Sosei Group Announces Positive Results for Ultibro® and Seebri® Presented at ERS 2014, and Promotion Agreement with Pfizer in the UK

  • LANTERN study further confirmed superiority of Ultibro® Breezhaler® in improving lung function compared to Seretide® Accuhaler®* in moderate-to-severe COPD patients1
  • QUANTIFY study showed superiority of Ultibro® Breezhaler® in lung function and shortness of breath versus tiotropium plus formoterol2
  • New data from GLISTEN study will provide important evidence for the benefits of once-daily Seebri® Breezhaler® as add on therapy to LABA/ICS**3
  • Novartis has signed an exclusive promotion agreement for Ultibro® Breezhaler® and Seebri® Breezhaler® in the United Kingdom with Pfizer Limited.

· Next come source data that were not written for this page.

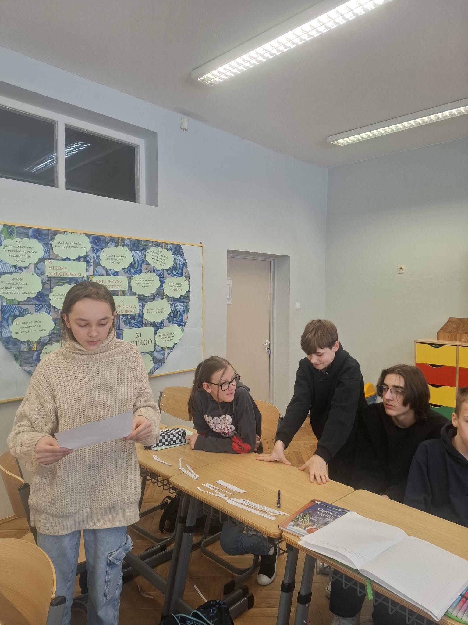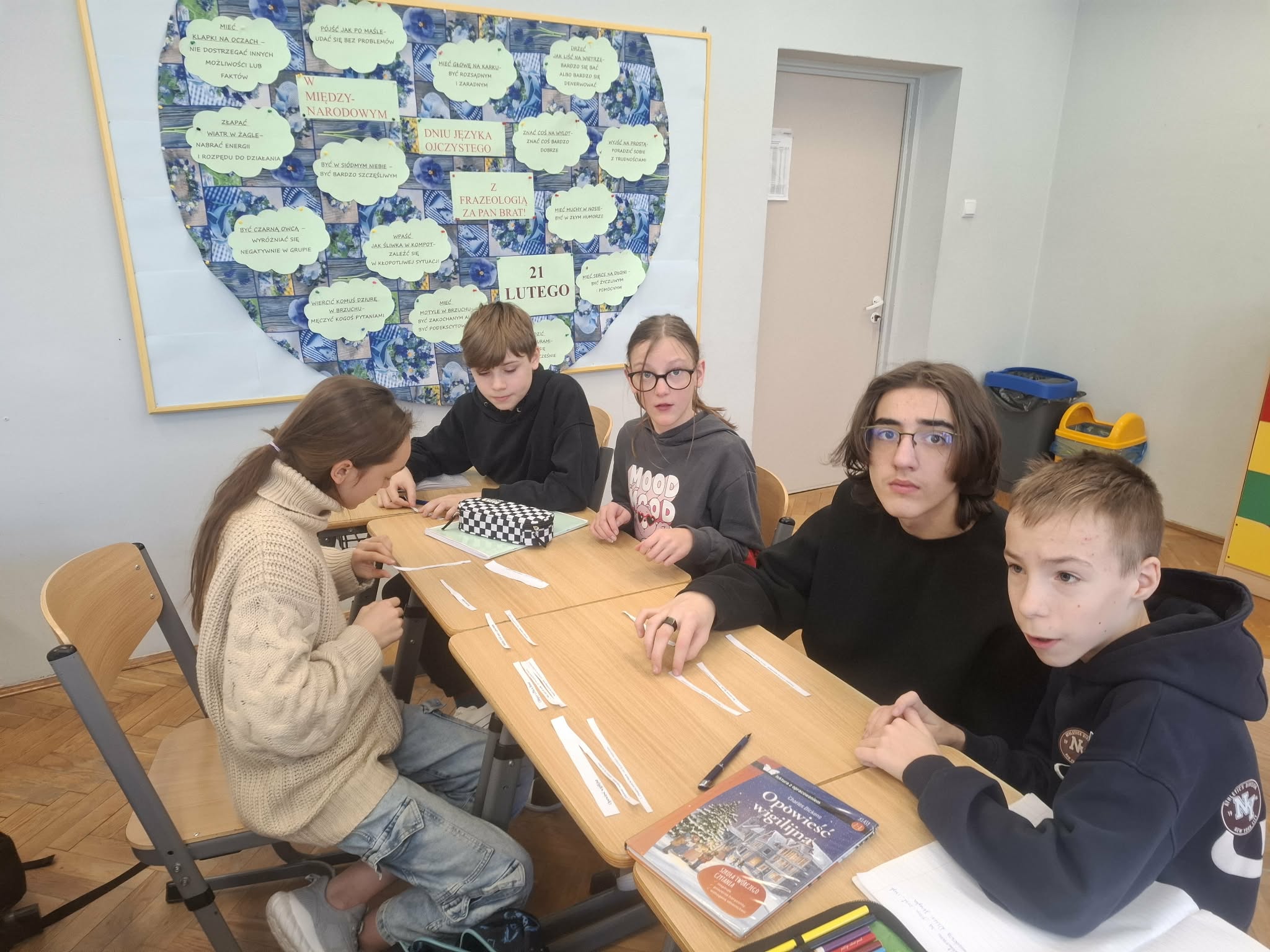 W naszej szkole uczniowie klas IV–VIII wzięli udział w specjalnych zajęciach poświęconych temu wyjątkowemu dniu. Tegorocznym motywem przewodnim było hasło „Z frazeologią za pan brat”, dlatego lekcje obfitowały w językowe ciekawostki, humor i twórczą zabawę słowem.
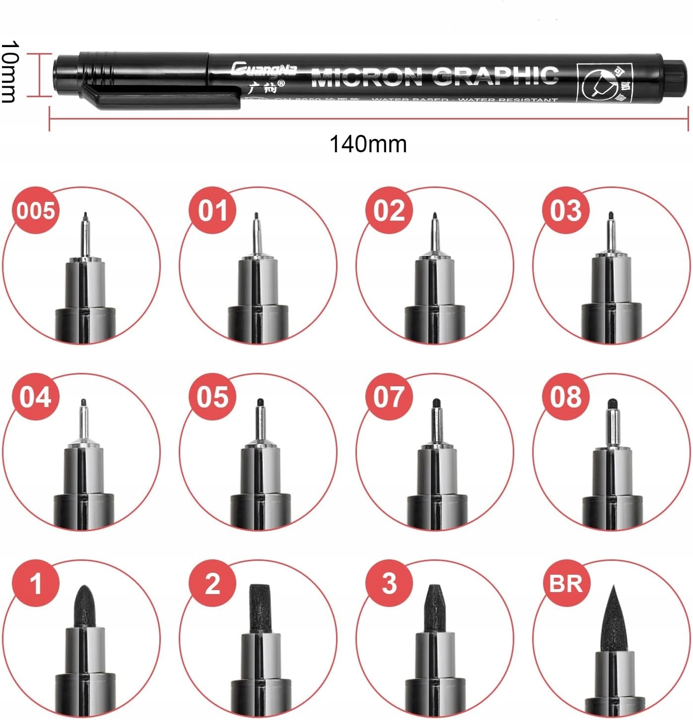 - ✅ Універсальність розмірів - Набір містить 12 тонких ліній із різною товщиною пера: 0,05 мм, 0,1 мм, 0,2 мм, 0,3 мм, 0,4 мм, 0,5 мм, 0,6 мм, 0,7 мм, 0,8 мм, 1 мм, 2 мм, 3 мм і БР, що дозволяє малювати різноманітні лінії у візерунках.
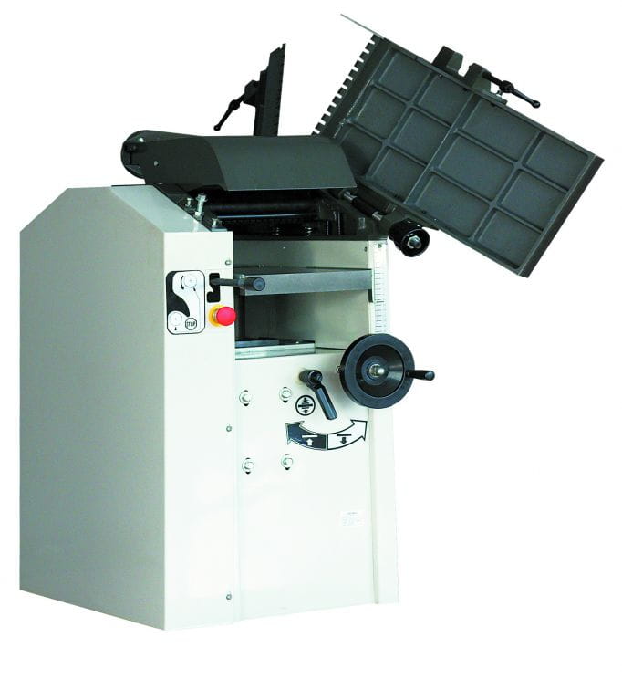 - stół „grubościówki” z posuwem o szerokości 310 mm, sterowany gałką obsługiwaną ręcznie, na grubość obrabianego materiału w zakresie 0-180

TOKYO--()--Sosei Group Corporation (“Sosei”)(TOKYO:4565) confirms the new data from three clinical trials presented by Novartis at the European Respiratory Society (ERS) International Congress, September 6-10, in Munich, Germany.

The LANTERN study demonstrated that once-daily Ultibro® Breezhaler® (indacaterol/glycopyrronium bromide) was superior in reducing exacerbations (flare ups) and improving lung function compared to twice-daily Seretide® Accuhaler®* (salmeterol/fluticasone (SFC)), in patients with moderate-to-severe chronic obstructive pulmonary disease (COPD). The study showed Ultibro® Breezhaler® significantly reduced the rate of moderate-to-severe exacerbations by 31% compared to SFC1, in moderate-to-severe COPD patients with a history of one exacerbation or none in the previous year. In addition, Ultibro® Breezhaler® patients had significantly increased lung function (trough FEV1 0.075 L (p<0.001); AUC0-4h 0.122 L (p<0.001)), as compared to SFC after 26 weeks of treatment. The safety profile of Ultibro® Breezhaler® was comparable to SFC1.

The new findings from LANTERN support the use of Ultibro® Breezhaler® as an alternative steroid-free treatment to SFC in moderate-to-severe COPD patients1. This approach is consistent with the Global Initiative for Chronic Obstructive Lung Disease 2014 guidelines3.

Analyses from the QUANTIFY study demonstrated that Ultibro® Breezhaler® significantly improved lung function and shortness of breath in patients with moderate-to-severe COPD, compared to the combination of tiotropium plus formoterol2. Results also showed that Ultibro® Breezhaler® is comparable to tiotropium plus formoterol in improving health-related quality of life2.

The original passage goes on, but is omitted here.